## WHAT YOU NEED TO DO
Word for word, restate each of the entries below, and drop every picture.

Stored records
• • • •
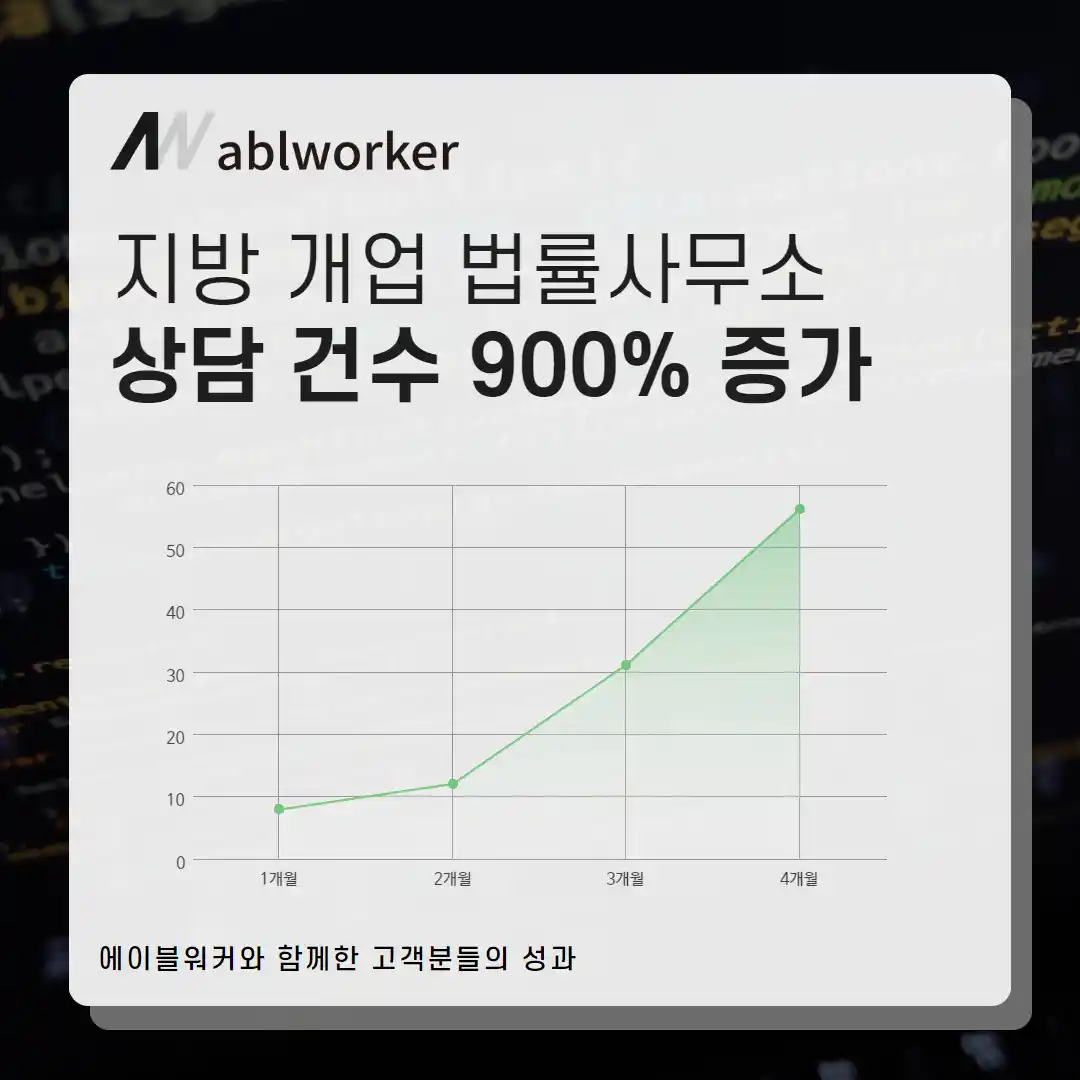 에이블워커 2025년 01월 22일 Tags 성공사례 지방 개업 법률사무소 → 상담건수 900% 증가시킨 사례 지방 개업 법률사무소 → 상담건수 900% 증가시킨 비밀! *마케팅 전략은
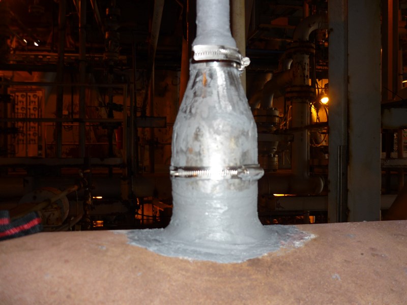 The application was carried out in accordance with Belzona Know-How System Leaflet FBC-6 for sealing leaks. Application was carried out by scaffolding up to the pipe rack. Surface preparation included Bristle Blasting. 1"-3" reducer was suggested by the contractor and split in half beforehand. Hose clamps were used to hold the repair until fully cured.
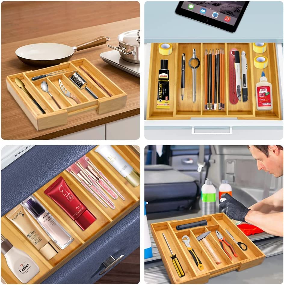 - منظم أدوات مائدة قابل للتوسيع والتعديل: مصمم بـ 4-6 مساحات تخزين، يمكن لمنظم الأدوات الفضية توفير المساحة مع استيعاب العديد من العناصر، وهو قابل للتوسيع من 26 سم إلى 40 سم مع انزلاق سلس.
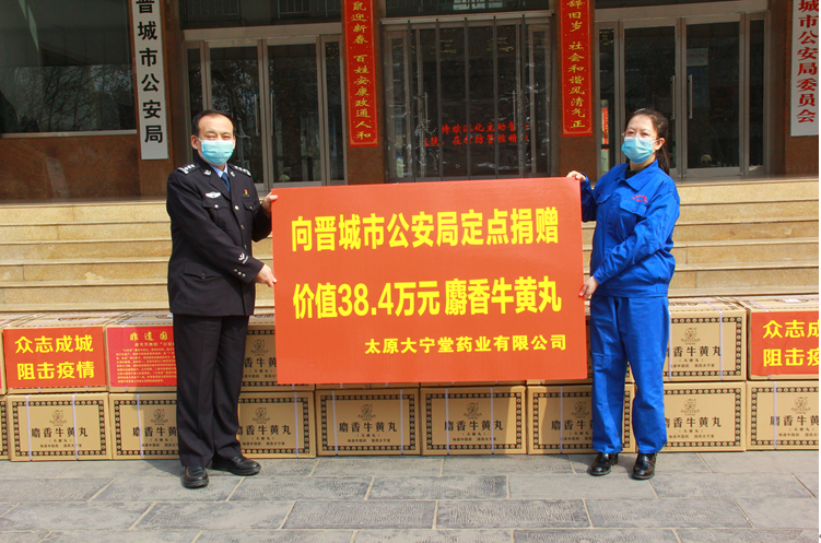 萬眾一心,共同抗疫。3月6日早晨,一輛裝載麝香牛黃丸的依維柯,在公司范永強副總裁等驅車陪伴下,由太原大寧堂藥業有限公司駛出,一路奔馳前往晉城市。這批共計6400盒、價值38.4萬元的鎮堂之寶,非遺國粹“小安宮”麝香牛黃丸,同晉城市紅十字會攜手,定向捐贈給晉城市公安局,慰問一線干警。晉城市副市長、公安局長王斌權、晉城市公安局副局長史慧軍、晉城市公安局政治部主任李平、晉城市紅十字會賑濟救護科科長張海軍及太原大寧堂藥業有限公司副總裁范永強、董事長總裁助理馬婕、營銷負責人副總監杜旺等相關領導出席了捐贈儀式。
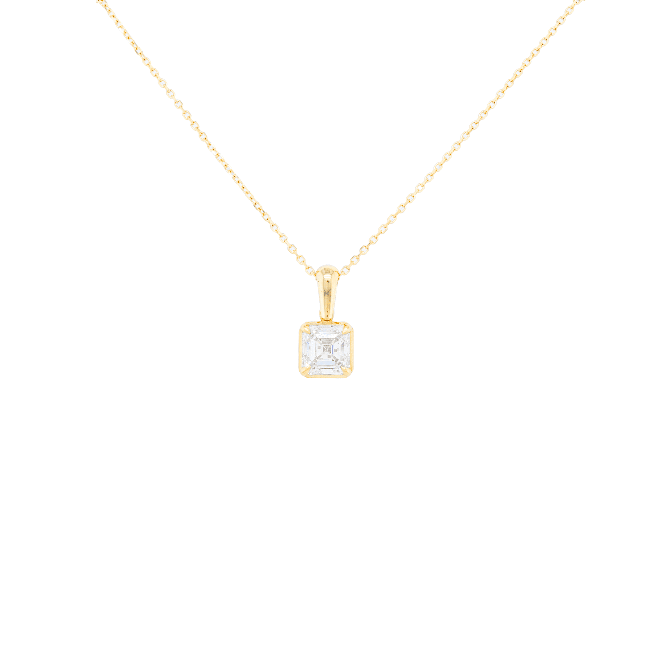 Marshall Pierce and Company Chicago curated 1.02 carat Asscher cut E Color, SI Clarity GIA Certified Diamond Solitaire Pendant Necklace in 18K Yellow Gold
• • • •
## YOUR SOLUTION
 에이블워커 2025년 01월 22일 Tags 성공사례 지방 개업 법률사무소 → 상담건수 900% 증가시킨 사례 지방 개업 법률사무소 → 상담건수 900% 증가시킨 비밀! *마케팅 전략은
 The application was carried out in accordance with Belzona Know-How System Leaflet FBC-6 for sealing leaks. Application was carried out by scaffolding up to the pipe rack. Surface preparation included Bristle Blasting. 1"-3" reducer was suggested by the contractor and split in half beforehand. Hose clamps were used to hold the repair until fully cured.
 - منظم أدوات مائدة قابل للتوسيع والتعديل: مصمم بـ 4-6 مساحات تخزين، يمكن لمنظم الأدوات الفضية توفير المساحة مع استيعاب العديد من العناصر، وهو قابل للتوسيع من 26 سم إلى 40 سم مع انزلاق سلس.
 萬眾一心,共同抗疫。3月6日早晨,一輛裝載麝香牛黃丸的依維柯,在公司范永強副總裁等驅車陪伴下,由太原大寧堂藥業有限公司駛出,一路奔馳前往晉城市。這批共計6400盒、價值38.4萬元的鎮堂之寶,非遺國粹“小安宮”麝香牛黃丸,同晉城市紅十字會攜手,定向捐贈給晉城市公安局,慰問一線干警。晉城市副市長、公安局長王斌權、晉城市公安局副局長史慧軍、晉城市公安局政治部主任李平、晉城市紅十字會賑濟救護科科長張海軍及太原大寧堂藥業有限公司副總裁范永強、董事長總裁助理馬婕、營銷負責人副總監杜旺等相關領導出席了捐贈儀式。
 Marshall Pierce and Company Chicago curated 1.02 carat Asscher cut E Color, SI Clarity GIA Certified Diamond Solitaire Pendant Necklace in 18K Yellow Gold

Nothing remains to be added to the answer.